■ WHAT IS EXPECTED
Wherever a picture appears in the listing below, leave it out and reproduce the rest exactly.

■ DATA IN THIS EXERCISE
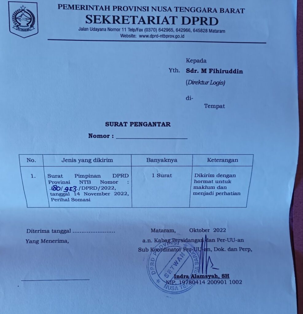 Berikut surat somasi yang dilayangkan pimpinan DPRD NTB ke Fihirudin yang juga diketahui sebagai Direktur LOGIS NTB:
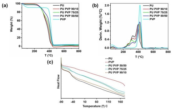 The thermal degradation of the pristine polymers and the hybrids was studied by thermal gravimetric analysis (TGA), as shown in Figure 4. The hygroscopic character of PVP polymer is evident in Figure 4a, in which about 8% adsorbed water loss was measured until the system temperature reached 100 °C. Pure PU displayed no hygroscopic features and demonstrated the onset of degradation temperature at 395 °C, while PVP demonstrated this at 425 °C. As Figure 4b indicates, the PU polymer has a minor weight loss temperature of about 325 °C. It is generally known that the derivative TGA curves of polyurethanes show several different degradation stages between 220–370 °C. The range 230–340 °C is associated with the degradation of the hard phase (crosslinks); and the range 350–370 °C indicates dissociation of the soft segments. The onset of degradation temperatures of PU/PVP hybrids was observed at 422, 410, and 408 °C for 50/50, 75/25, and 90/10 PU/PVP hybrids, respectively. Thus, it can be stated that PVP improved the thermal degradation resistance of the PU polymer. Figure 4c shows the differential scanning calorimetry (DSC) thermograms of PU, PVP, and the hybrids. The curves indicate that the glass transition temperature (Tg) value for the pristine PU was found to be −47.3 °C, while PU/PVP hybrids exhibited Tg values of −49.2 °C, −52.8 °C, and −57.1 °C for PU/PVP_90/10, 75/25, and 50/50 samples, respectively. This indicates that the Tg of PU/PVP blends gradually decreased with the increase in PVP content, indicating more molecular mobility within the hybrid films.
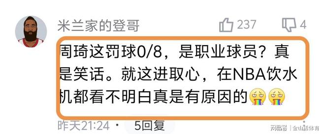 “周琦這罰球0/8,是職業球員?真是笑話。就這進取心,在NBA飲水機都看不明白真是有原因的?!保弧奥殬I球員,上場14罰中5,這場更離譜,8罰全飛,我平時不打籃球,5罰至少也能進一個”“8中0,和街溜子有啥區別?”……
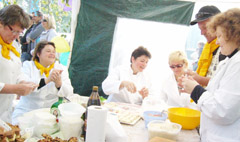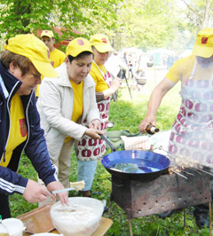 Pasiraitojęs rankoves Lietuvos karališkos bajorų sąjungos Šiaulių krašto draugijos kancleris Mindaugas Sadauskas virė firminę didikų grikių košę su graikiškais riešutais, džiovintais abrikosais ir slyvomis, o kaimynystėje įsikūrusi Žagarės miesto bendruomenė „Veidė“ konkuravo spirgais gardinta bulvių tarkių ir kruopų, kitaip vadinama — “šilkine“ — koše.
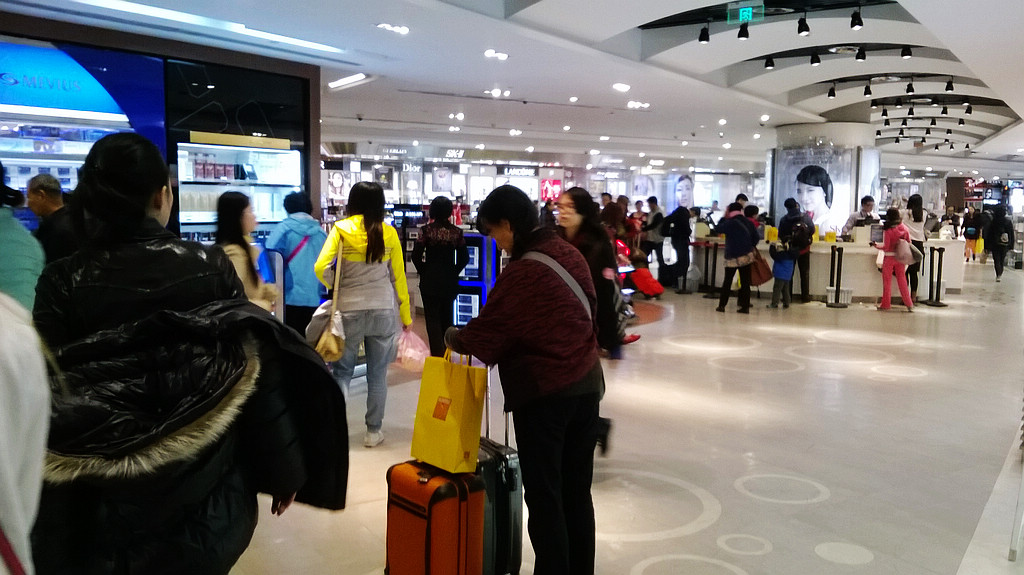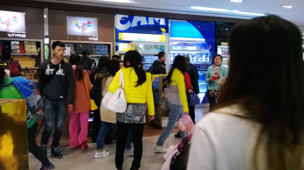 飞机正点起飞,正点降落,午夜的机场免税店还是热闹非凡,
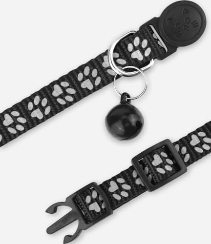 Taglory Collier Chat Anti Étranglement, 2 pcs Réglable Réfléchissant Collier pour Chat Chaton Chiot avec Clochette et Boucle de Sécurité, 19-32cm Noir
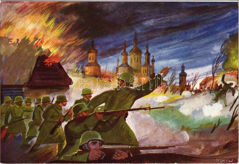 Birta Pál árkászszakasz-anyagkezelÅ‘ tisztes utcai harcban járórével két ellenséges csoportot semmisÃtett meg / WWII Hungarian military art postcard s: Jeges ErnÅ‘ + "HaditudósÃtó KiállÃtás a Pesti Vigadóban május 2-20-ig 1943 V. 16." So. Stpl.

■ ANSWER BOX
 Berikut surat somasi yang dilayangkan pimpinan DPRD NTB ke Fihirudin yang juga diketahui sebagai Direktur LOGIS NTB:
 The thermal degradation of the pristine polymers and the hybrids was studied by thermal gravimetric analysis (TGA), as shown in Figure 4. The hygroscopic character of PVP polymer is evident in Figure 4a, in which about 8% adsorbed water loss was measured until the system temperature reached 100 °C. Pure PU displayed no hygroscopic features and demonstrated the onset of degradation temperature at 395 °C, while PVP demonstrated this at 425 °C. As Figure 4b indicates, the PU polymer has a minor weight loss temperature of about 325 °C. It is generally known that the derivative TGA curves of polyurethanes show several different degradation stages between 220–370 °C. The range 230–340 °C is associated with the degradation of the hard phase (crosslinks); and the range 350–370 °C indicates dissociation of the soft segments. The onset of degradation temperatures of PU/PVP hybrids was observed at 422, 410, and 408 °C for 50/50, 75/25, and 90/10 PU/PVP hybrids, respectively. Thus, it can be stated that PVP improved the thermal degradation resistance of the PU polymer. Figure 4c shows the differential scanning calorimetry (DSC) thermograms of PU, PVP, and the hybrids. The curves indicate that the glass transition temperature (Tg) value for the pristine PU was found to be −47.3 °C, while PU/PVP hybrids exhibited Tg values of −49.2 °C, −52.8 °C, and −57.1 °C for PU/PVP_90/10, 75/25, and 50/50 samples, respectively. This indicates that the Tg of PU/PVP blends gradually decreased with the increase in PVP content, indicating more molecular mobility within the hybrid films.
 “周琦這罰球0/8,是職業球員?真是笑話。就這進取心,在NBA飲水機都看不明白真是有原因的?!保弧奥殬I球員,上場14罰中5,這場更離譜,8罰全飛,我平時不打籃球,5罰至少也能進一個”“8中0,和街溜子有啥區別?”……
 Pasiraitojęs rankoves Lietuvos karališkos bajorų sąjungos Šiaulių krašto draugijos kancleris Mindaugas Sadauskas virė firminę didikų grikių košę su graikiškais riešutais, džiovintais abrikosais ir slyvomis, o kaimynystėje įsikūrusi Žagarės miesto bendruomenė „Veidė“ konkuravo spirgais gardinta bulvių tarkių ir kruopų, kitaip vadinama — “šilkine“ — koše.
 飞机正点起飞,正点降落,午夜的机场免税店还是热闹非凡,
 Taglory Collier Chat Anti Étranglement, 2 pcs Réglable Réfléchissant Collier pour Chat Chaton Chiot avec Clochette et Boucle de Sécurité, 19-32cm Noir
 Birta Pál árkászszakasz-anyagkezelÅ‘ tisztes utcai harcban járórével két ellenséges csoportot semmisÃtett meg / WWII Hungarian military art postcard s: Jeges ErnÅ‘ + "HaditudósÃtó KiállÃtás a Pesti Vigadóban május 2-20-ig 1943 V. 16." So. Stpl.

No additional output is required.